Jane conocía el temperamento de Kay Forrest; no se puede detenerlo, así que mejor ni intentarlo.
Aunque la ropa elegante no era lo que ella quería, también entendía que para enorgullecer a Kay, tenía que vestirse apropiadamente.
Si rechazara la amabilidad de Kay cada vez, también lo decepcionaría.
Después de salir de la tienda, Jane miró la hora:
—Es casi la una, deberías ir a la oficina, yo puedo volver sola.
—No, eso no funcionará. No hay nada particularmente importante por mi parte, vamos a visitar una tienda más —la tomó de la mano y la llevó a otra boutique.
A Jane le daba vueltas la cabeza al ver toda la ropa elegante.
—No necesitaré estos vestidos, no los quiero.
—Necesitarás usar uno para la celebración de la empresa mañana por la noche.
—Pero no importa lo hermosa que me vista, no estaré a tu lado.
—Eso no importa, podré verte desde lejos —. Él curvó sus labios en una sonrisa y señaló un vestido dorado exhibido en el escaparate:
— Pruébate este.
—Sí señor, espere un momento —. La dependienta desbloqueó la vitrina y sacó el vestido:
— Señor, este vestido es de un famoso diseñador francés, es el único en toda la ciudad, acaba de llegar ayer por la tarde en avión.
Jane frunció el ceño; debe ser muy, muy caro.

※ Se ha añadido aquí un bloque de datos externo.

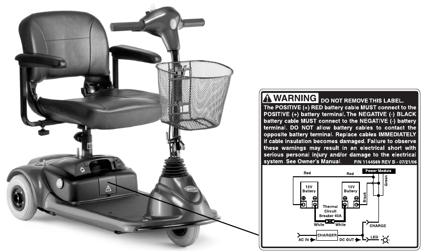 - Do not connect any medical devices such as ventilators, life support machines, etc., to the battery. This could cause unexpected failure of the device and the powered scooter.

—La calidad parece buena a primera vista. Jane, ve a probártelo.
Jane le susurró al oído:
— No tengo la presencia adecuada; no puedo llevar el vestido con el estilo correcto.
—Confío en mi juicio; la mujer que he elegido debe ser la más hermosa de este mundo.
Le revolvió el pelo:
— Escúchame, ve a probártelo.
Jane fue de mala gana al probador; el vestido no tenía precio, y se quedó dentro un buen rato antes de probarse lentamente el vestido.

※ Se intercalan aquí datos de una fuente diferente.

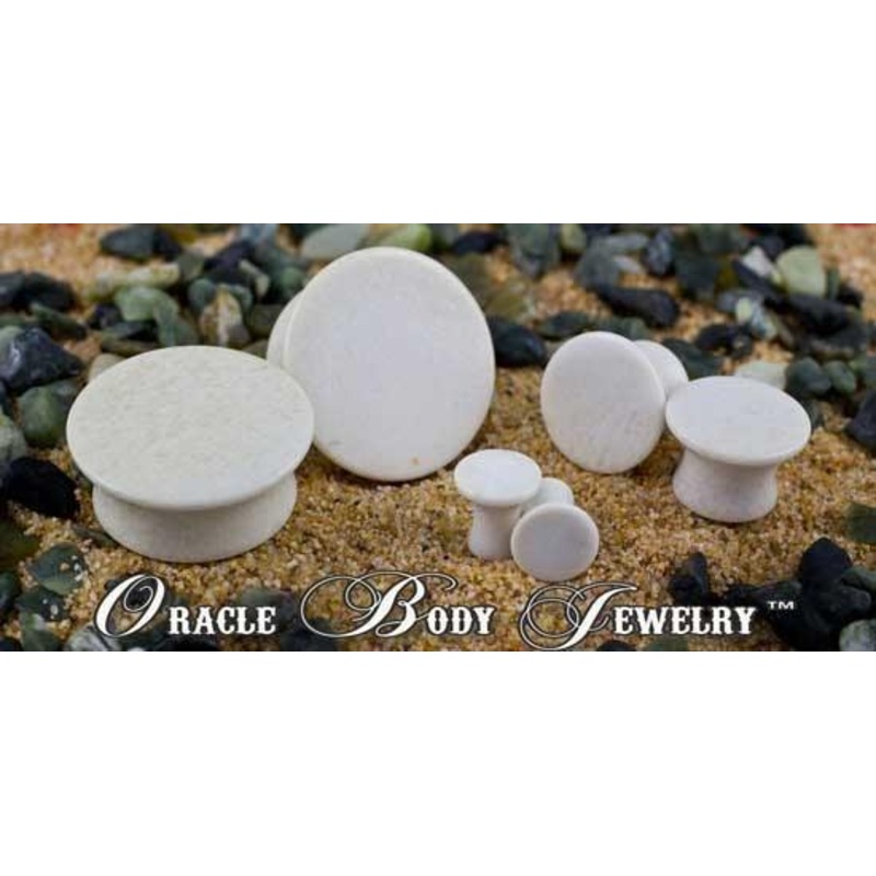 These mayan double flare White Agate plugs are made by Oracle Body Jewelry. Mayan flares feature a considerably larger front flare that better displays the character of each material, especially in smaller sizes. Choose your size below.8g to 6g = wearable

Mirándose en el espejo, Jane se sintió momentáneamente aturdida.
¿Es realmente ella? ¿Su figura… es realmente tan buena?
Dicen que la ropa hace al hombre, y este dicho no carece de verdad.
Ella, que se consideraba carente de cualquier presencia notable, ahora parecía… extravagantemente elegante en esta prenda.
Kay estuvo esperando mucho tiempo fuera de la puerta, finalmente se acercó a golpear:
— Señorita, está tardando mucho en cambiarse, ¿tiene algún problema? ¿Necesita que alguien la ayude?
—Eh, no es necesario, ya está —. Abrió la puerta del probador, y Kay retrocedió para mirarla.
Por un momento, Kay sintió como si estuviera mirando a un hada saliendo de una pintura, tan surrealista.
Dio un paso adelante y le dio un pulgar hacia arriba:
— Este vestido fue hecho para ti; nos lo llevamos.
Jane le tomó la mano:
— Esto es suficiente, solo mirarlo. No lo compres.
Kay le dio un golpecito en la cabeza con su tarjeta bancaria:
— Niña tonta, ve a cambiarte.
—Oye —dijo Jane impotente, mirándolo.
Kay curvó sus labios en una sonrisa:
— Sé buena, ve a quitártelo.
La empujó de vuelta al probador para que se quitara el vestido.
Una vez que se cerró la puerta del probador, le entregó su tarjeta a la dependienta:
— Arréglelo. Nos llevaremos este, y también el par de tacones blancos.
Su mujer, la mujer de Kay Forrest, debería brillar en medio de la multitud y exigir respeto.
Mañana por la noche, tenía una sorpresa preparada para ella; debía deslumbrar a todos.
Sus labios se curvaron en una ligera sonrisa, esperando ver su expresión mañana por la noche.